START TASK MATERIAL
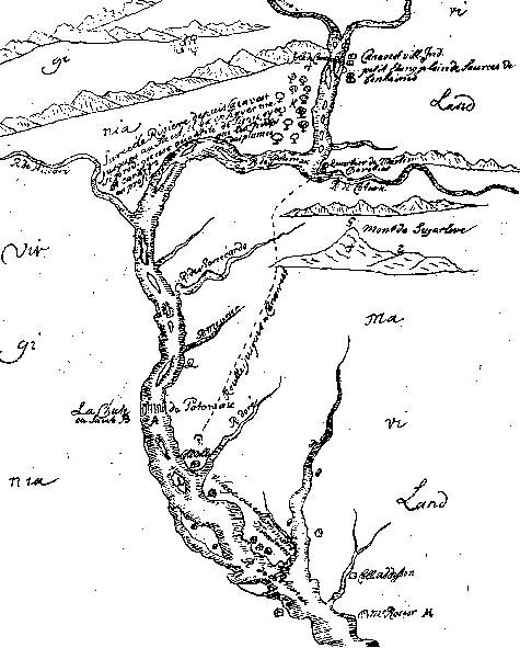The dotted line represents the Indian trail from Col. George Beall’s house, near the confluence of Rock Creek and the Potomac River, past Sugarloaf Mountain, to the Indian town of Canavest, on Heater’s Island, near Point of Rocks, Maryland. The route corresponds, more or less, to Wisconsin Avenue, River Road and Darnestown Road. (Map of the Potomac, 1711, in Baron Christopher von Graffenried, “Relation du Voyage d’Amerique” (1716): see Georgetown Historic Waterfront, pages 8, 9, 11, 85, and 87; Baron Christoph von Graffenried’s New Bern Adventures, facing page 96; German American Annals. v.11-12 (1913-14), facing page 188.)
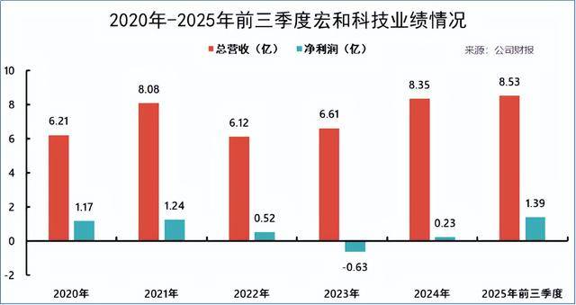 我们先看最劲爆的数据:2025年前三季度,宏和科技实现营业收入8.53亿元,同比增长37.76%。这已经超过了2024年全年的收入(8.35亿)。更夸张的是净利润高达1.39亿元,同比2024年前三季度的区区几百万,增幅接近1700%!
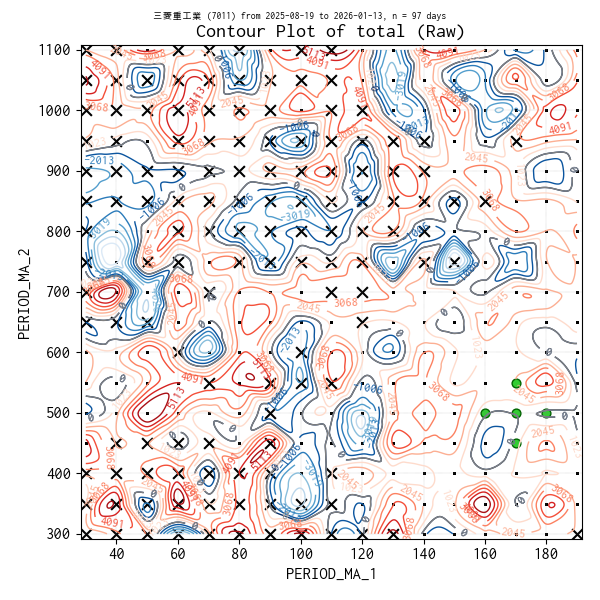 対象のティックデータを補間した等高線図を作成しています。実験点は ・、平均損益トップ 5 の条件は 🟢、平均損益がマイナスになった条件があれば ✖ で表示しています。
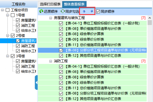 在整体查看表里可以对勾选的表格进行查看,也可以对勾选表格的顺序进行调整。点击上下移动按钮即可调整表格的顺序。
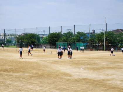 体育大会の種目の練習に取り組んでいます。出場種目に分かれて、グループで取り組んでいます。
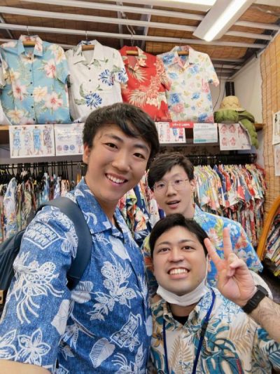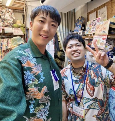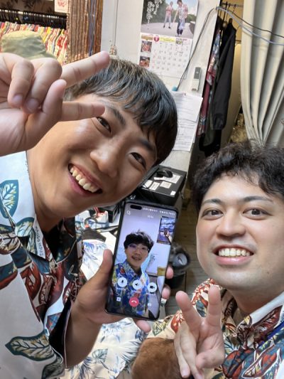 前回一緒だったお連れのお友達はもう帰国されたのですが、スマホのオンライン通話で一緒にお話ししながらおNEWのかりゆしウェアをGETです✌️✨
END TASK MATERIAL
■ **ACTIVITY**:
Copy the listing exactly but drop its images.

■ **ANSWER BELOW**:
The dotted line represents the Indian trail from Col. George Beall’s house, near the confluence of Rock Creek and the Potomac River, past Sugarloaf Mountain, to the Indian town of Canavest, on Heater’s Island, near Point of Rocks, Maryland. The route corresponds, more or less, to Wisconsin Avenue, River Road and Darnestown Road. (Map of the Potomac, 1711, in Baron Christopher von Graffenried, “Relation du Voyage d’Amerique” (1716): see Georgetown Historic Waterfront, pages 8, 9, 11, 85, and 87; Baron Christoph von Graffenried’s New Bern Adventures, facing page 96; German American Annals. v.11-12 (1913-14), facing page 188.)
 我们先看最劲爆的数据:2025年前三季度,宏和科技实现营业收入8.53亿元,同比增长37.76%。这已经超过了2024年全年的收入(8.35亿)。更夸张的是净利润高达1.39亿元,同比2024年前三季度的区区几百万,增幅接近1700%!
 対象のティックデータを補間した等高線図を作成しています。実験点は ・、平均損益トップ 5 の条件は 🟢、平均損益がマイナスになった条件があれば ✖ で表示しています。
 在整体查看表里可以对勾选的表格进行查看,也可以对勾选表格的顺序进行调整。点击上下移动按钮即可调整表格的顺序。
 体育大会の種目の練習に取り組んでいます。出場種目に分かれて、グループで取り組んでいます。
 前回一緒だったお連れのお友達はもう帰国されたのですが、スマホのオンライン通話で一緒にお話ししながらおNEWのかりゆしウェアをGETです✌️✨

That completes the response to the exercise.